I use their extra (extra)? hot for hot sauce

Make room for the best sauce.

>Tabasco's retarded cousin.
really?

Can you post the recipe/procedure? That sounds good

Apparently Secret Aardvark is amazing and a bit hotter than sriracha. Picking some up tomorrow to try actually.

I always suggest Secret Aardvark to people. You can get it on Amazon. It's more of a ketchup-esque deal than like Cholula or something.

Crystal actually tastes decent though

I always loved Texas Pete. That stuff is basically ketchup for me at this point

This Texas pete is the best "mainstream" hot sauce, it's sold in grocery stores all over the country and shit.

It's watered down Tabasco.

We have this conversation way too often here...
Store bought camps are like this:
1. Garlic first--Sriracha....but the PERFECT texture; like ketchup
2. Vinegar water....everything else...all those small bottles and shit

There should be a hybrid, but there just isn't.
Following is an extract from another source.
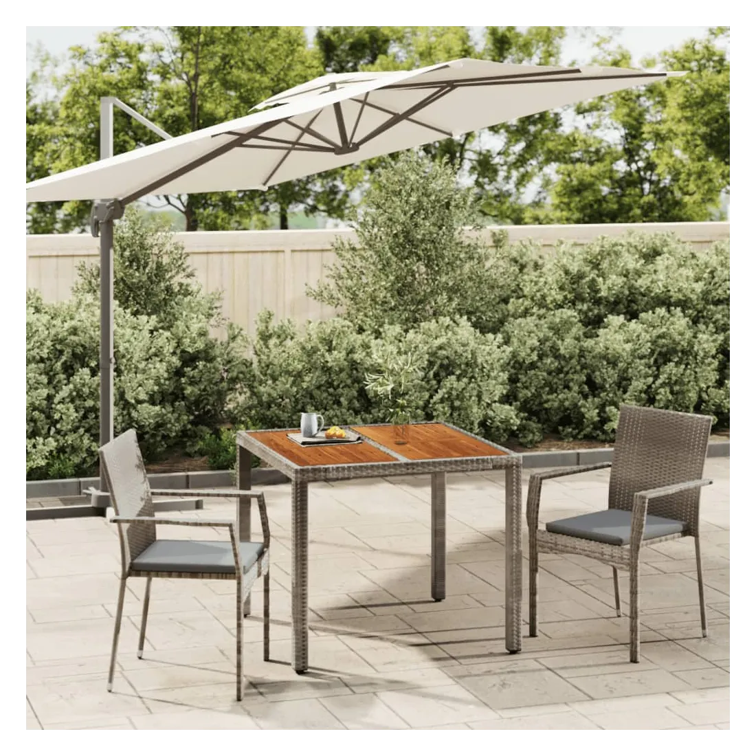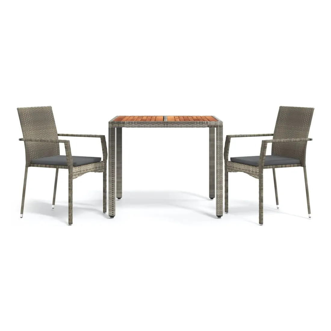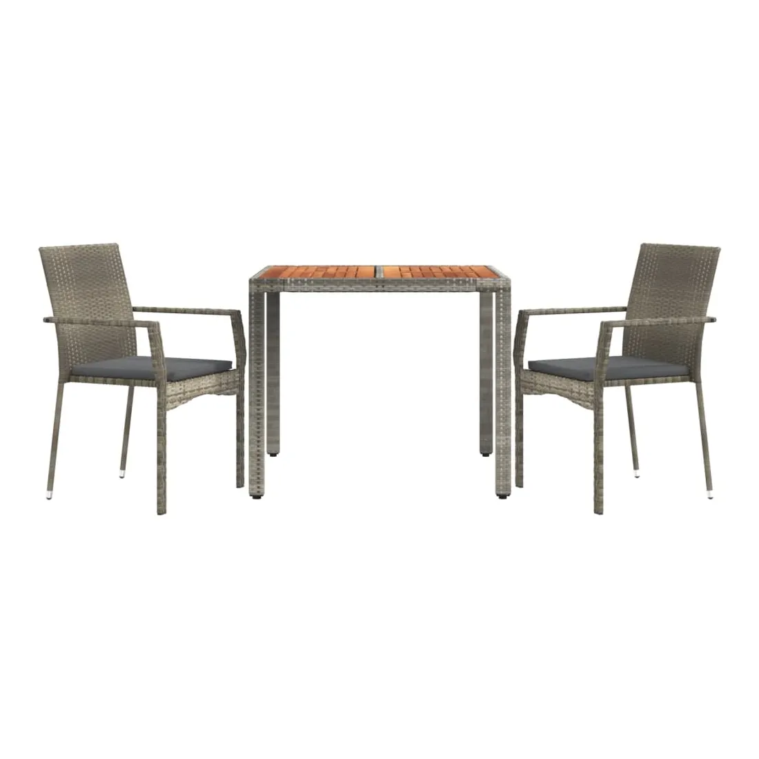 vidaXLCet ensemble de salle à manger de jardin tendance, au design élégant et contemporain, est un excellent choix pour manger ou vous détendre dans votre jardin. Matériau résistant aux intempéries : la résine tressée, également connue sous le nom de rotin poly, résiste aux intempéries et est facile à nettoyer. Elle reste belle à l'extérieur pendant une longue période. Elle offre une excellente qualité, commodité et un aspect esthétique.Cadre robuste : les cadres en acier enduit de poudre rendent l'ensemble de salle à manger d'extérieur robuste et stable pour une utilisation quotidienne à l'extérieur.Dessus de table pratique : le dessus de table en bois d'acacia massif est parfait pour placer des boissons, des aliments et des décorations. Il a une belle apparence et est facile à nettoyer.Conception modulaire : l'ensemble de salle à manger de jardin est flexible et facile à déplacer, vous pouvez donc le combiner avec d'autres segments modulaires dans la boutique en ligne pour créer vos propres configurations d'ensemble de salle à manger de jardin !Expérience d'assise confortable : le dossier ajoute un confort d'assise supplémentaire à la chaise de jardin. De plus, les coussins bien rembourrés vous permettent de vous asseoir confortablement. Bon à savoir :Pour faciliter au maximum le montage, chaque produit est livré avec des instructions. Remarque :Pour que vos meubles d'extérieur restent beaux, nous vous recommandons de les protéger avec une housse imperméable.

Not in a salsa, not in a can, not in a bottle, not in a XXX HOOOLYYY SHHIIIIT DUUUDE sauce. It's either garlic hot, or vinegar hot. The question is twofold, then--what are you pouring it on? If you have a wrap and pour Dave's Insanity Sauce on a bite...vinegar water gets everywhere--down the wrap, on your hand...on the table...and then you taste salt, then vinegar, then heat. If you opt for Sriracha...then you get a thick pour, but hello garlic! Garlic and garlic and garlic and then heat. So start with Sambal Oelek as a base. Wanna get fucked up? Add canned serranos. Blend, of course. Too hot? Add diced tomatoes. Fuck all the hype...make your own shit.
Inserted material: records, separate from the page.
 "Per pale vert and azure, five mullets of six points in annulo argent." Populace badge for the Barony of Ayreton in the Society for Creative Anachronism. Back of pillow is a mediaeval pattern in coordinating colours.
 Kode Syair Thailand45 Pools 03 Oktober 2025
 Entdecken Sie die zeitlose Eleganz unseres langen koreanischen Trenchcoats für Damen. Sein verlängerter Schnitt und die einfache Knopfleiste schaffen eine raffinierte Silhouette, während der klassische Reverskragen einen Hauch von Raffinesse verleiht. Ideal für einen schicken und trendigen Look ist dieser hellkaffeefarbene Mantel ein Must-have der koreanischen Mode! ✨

I've seen you rec that a couple times. I'm gonna order some. It better be goddamn good

desu pic related and texas pete for me

My go to hot sauces,

Cholula

Sriracha and their chili paste shit

Franks


Depends on the dish or recipe. Frank's usually for something that calls for a vinegar based hotsauce, or some chip dip recipes I make. Sriracha for sauces, on some things like burgers or the obvious teriyaki/Chinese food, or anything I want a lot of garlic and decent amount of heat in. Cholula is my go to for finished meals, always love it on eggs be it fried, over easy, poached, scrambled or omelettes, sandwiches, burgers, I've used it alongside the sriracha chili paste with some whole ground mustard and Worcestershire and spices to make a steak sauce before.

The real shizzle

>
I like you

Pretty simple, really. I like to do things like pure hatch, or mango chipolte, but my roasted hatch green chilis were running low so I got a bunch of jalapenos, anaheims, and poblanos.
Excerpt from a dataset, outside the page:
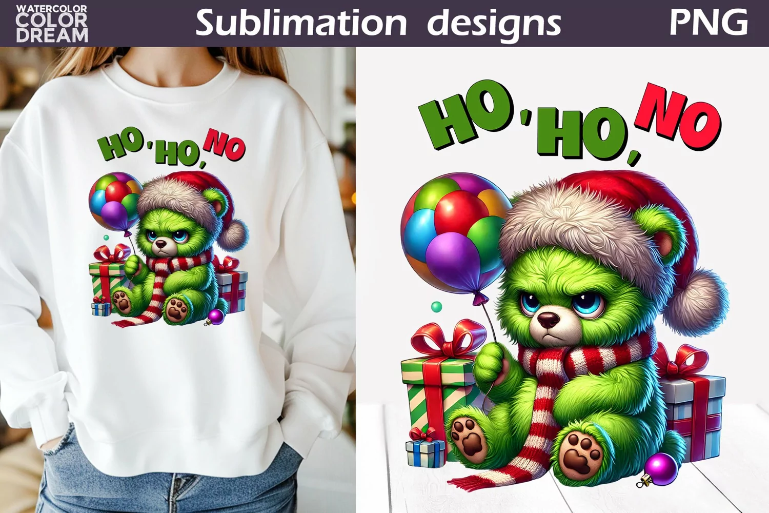 Funny Grumpy Bear T Shirt | Sarcastic Christmas Sublimation | No Ho No!

>Roast chilis, tomatoes, garlic, and onion on the stovetop (or grill, or on a sheet pan in the broiler) rotating until nice and blackened.
>puree in the blender with fruit, green onion, mushrooms, vodka, vinegar, honey, and whatever other spices or herbs you want to put in
>put it on the stove to cook the booze out and marry the flavors, use this time to adjust salt, pepper, honey, vinegar, and other flavors (you can add a dash of worcestershire or soy for more glutemates)
>At this point, you can either let it sit in the fridge to marry up some more, or continue to the next step
>using a spoon separate the liquid through a fine mesh strainer
>add back pulp to desired consistency
>bottle, save pulp

Used the pulp last night for some white bean chicken chili, probably will use the rest on making some pork rib posole tomorrow.

Melinda's is the best blend of flavor and heat on the market.